Position information acquisition means for acquiring current position information indicating the current position of the moving body;
Point information acquisition means for acquiring point information about a plurality of points;
Based on the current position information and the point information, possible route search means for searching for a plurality of movable routes passing through the plurality of points;
A determination means for determining a branch point that is between the current position and the plurality of points and can reach any of the plurality of points based on the plurality of movable routes;
When the distance between the current position and the determined branch point is equal to or less than a preset threshold distance due to the movement of the mobile object, a branch point for reaching each point through the branch point A branch point route determining means for determining a passing route;
A route search apparatus comprising: The route search device according to claim 1,
Data acquisition means for acquiring route data including a node;
Extraction means for extracting candidate points that are candidates for the branch point from the nodal points in the route data;
Further comprising
The determining means includes a difference in a selected index indicating a difficulty of selection as a route between each of the plurality of movable routes passing through one candidate point and having different arrival order to the plurality of points.

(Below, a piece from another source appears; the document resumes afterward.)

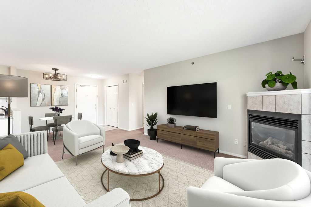 Welcome to this charming 2-bedroom, 2-bathroom condominium nestled in the highly sought-after Chaparral Ridge neighbourhood of Calgary. This home is perfect for first-time buyers or savvy investors, alike. A standout feature is the exceptionally large primary suite, spacious enough to comfortably fit a king-sized bed, and boasts a walk-through closet leading to an updated private ensuite bathroom. The large second bedroom offers ample space for guests, a home office, or additional family members, and is conveniently located near the four-piece main bathroom. Enjoy the comfort of a heat pump that provides both heating and air conditioning, and cozy up to the gas fireplace on chilly evenings. Step outside to your south-facing balcony, complete with a BBQ gas line, perfect for summer grilling. The entire unit has been freshly painted, offering a bright and welcoming ambiance. Additional conveniences include in-suite laundry tucked away in a generously sized storage room, providing extra space for all your essentials; a heated 3x6 storage locker; and a heated, underground, titled parking stall, with the possibility of renting an additional exterior spot. Visitors will also appreciate the ample parking available. Located in the Chaparral Village complex, this pet-friendly building (with board approval, excluding dogs) offers easy access to major routes like Stoney and MacLeod Trails. You'll also find schools, shopping, golf, and scenic walking trails leading to Lafarge Meadows and Fish Creek Park just a stone's throw away. Available for immediate possession. Don't miss out on this fantastic opportunity to call Chaparral Ridge your new home! ***Some photos have been virtually staged to show the potential of the home.***
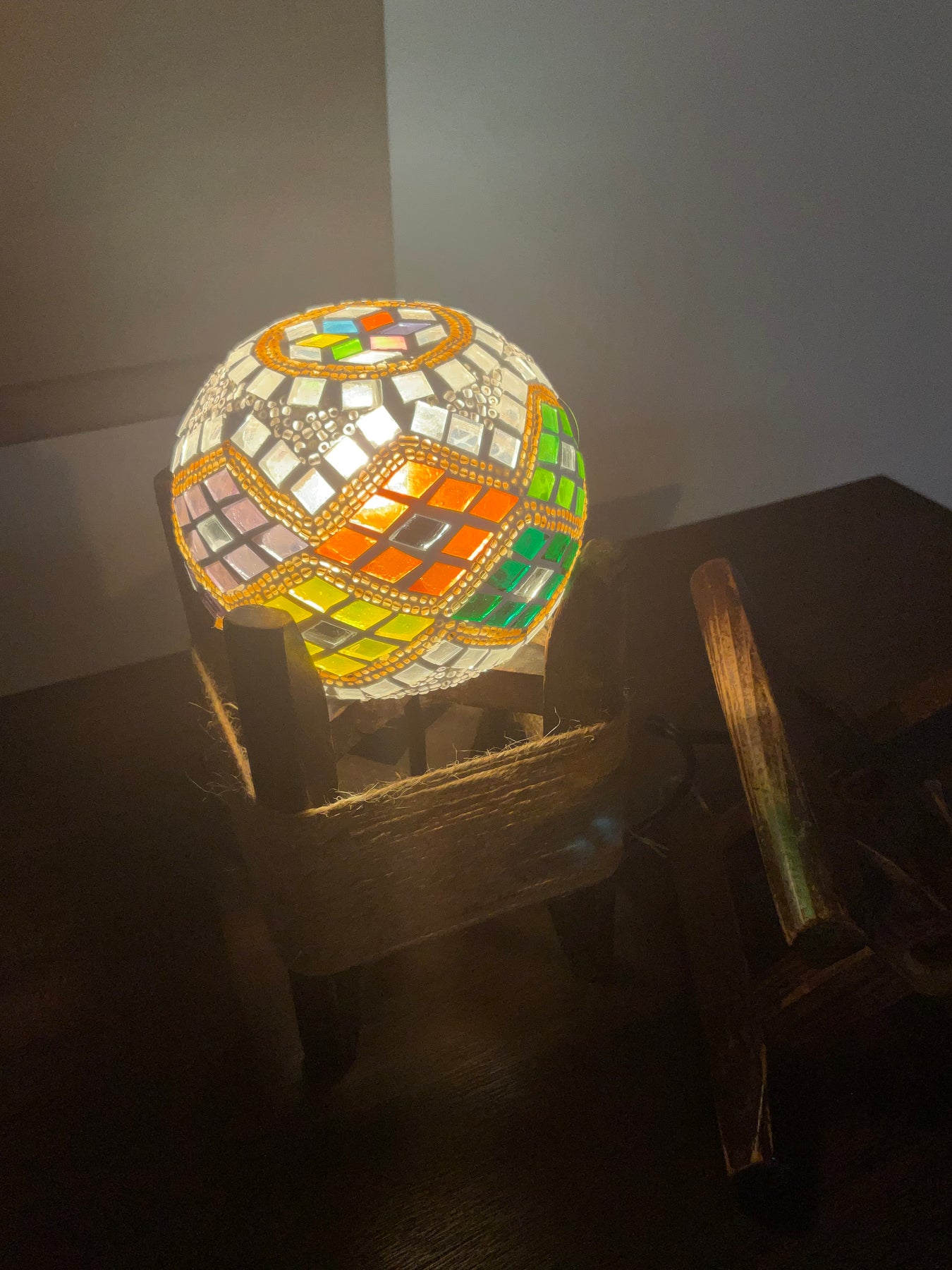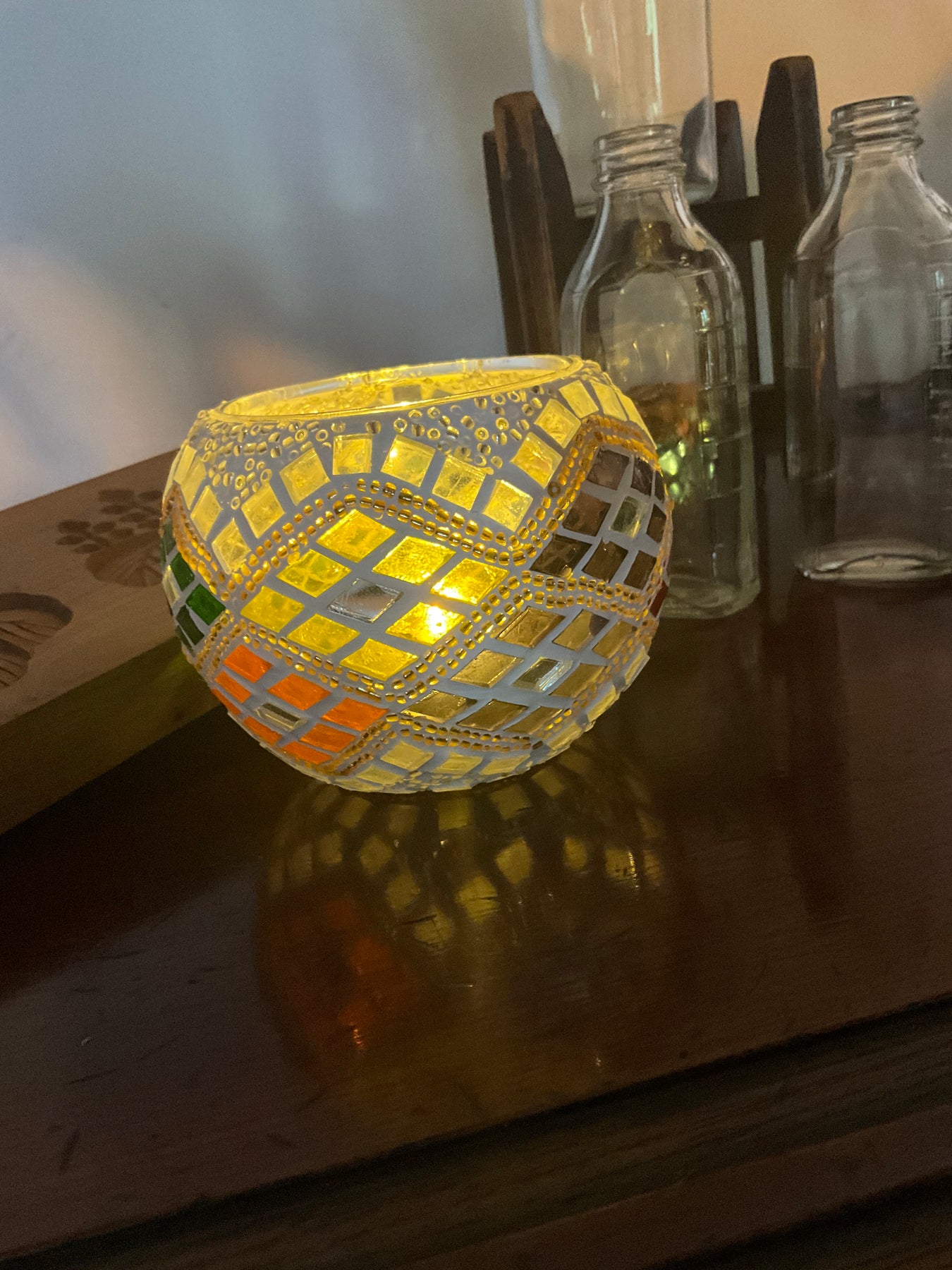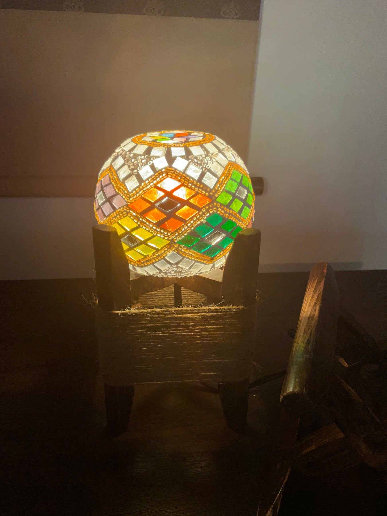 デザインはシンプルな帯ですが、カラフルなので見る面で印象が変わるキャンドルホルダーです。電気スタンドを使用して(画像1、2枚目)煌びやかな灯火も良し、ロウソクやティーライト使用して(画像1枚目)優しく揺ら揺らと幻想的な灯火も良し・・・色々な使い方でお楽しみください。

Among the candidate points on the route that is equal to or less than the set threshold index, the candidate point with the smallest total of the selected indicators of a plurality of routes having different arrival orders from the candidate point to the plurality of points, A route search apparatus that determines the branch point. The route search device according to claim 2,
The route search device, wherein the extraction means extracts the nodal point in the route data within a geographical range set in advance with the current position as a reference as the candidate point. In the route search device according to any one of claims 1 to 3,
Scheduled time information acquisition means for acquiring estimated arrival time information indicating the estimated arrival time at the branch point determined by the determination means;
Determining means for determining whether or not the mobile body can reach the branch point before the scheduled arrival time;
Further comprising
The route search device, wherein the branch point route determination unit determines different branch point passage routes according to a determination result by the determination unit. In a route search method executed in a route search device that searches for a route along which a moving body moves,
A position information acquisition step of acquiring current position information indicating a current position of the mobile body;
A point information acquisition step for acquiring point information for a plurality of points;
Based on the current position information and the point information, a possible route search step for searching for a plurality of movable routes passing through the plurality of points;
A determination step of determining a branch point that is between the current position and the plurality of points and can reach any of the plurality of points based on the plurality of movable routes;
When the distance between the current position and the determined branch point is equal to or less than a preset threshold distance due to the movement of the mobile object, a branch point for reaching each point through the branch point A branch point route determination step for determining a passage route;
The route search method characterized by including.   A route search program for causing a computer to function as the route search device according to any one of claims 1 to 4.   7. A recording medium in which the route search program according to claim 6 is recorded so as to be readable by the computer.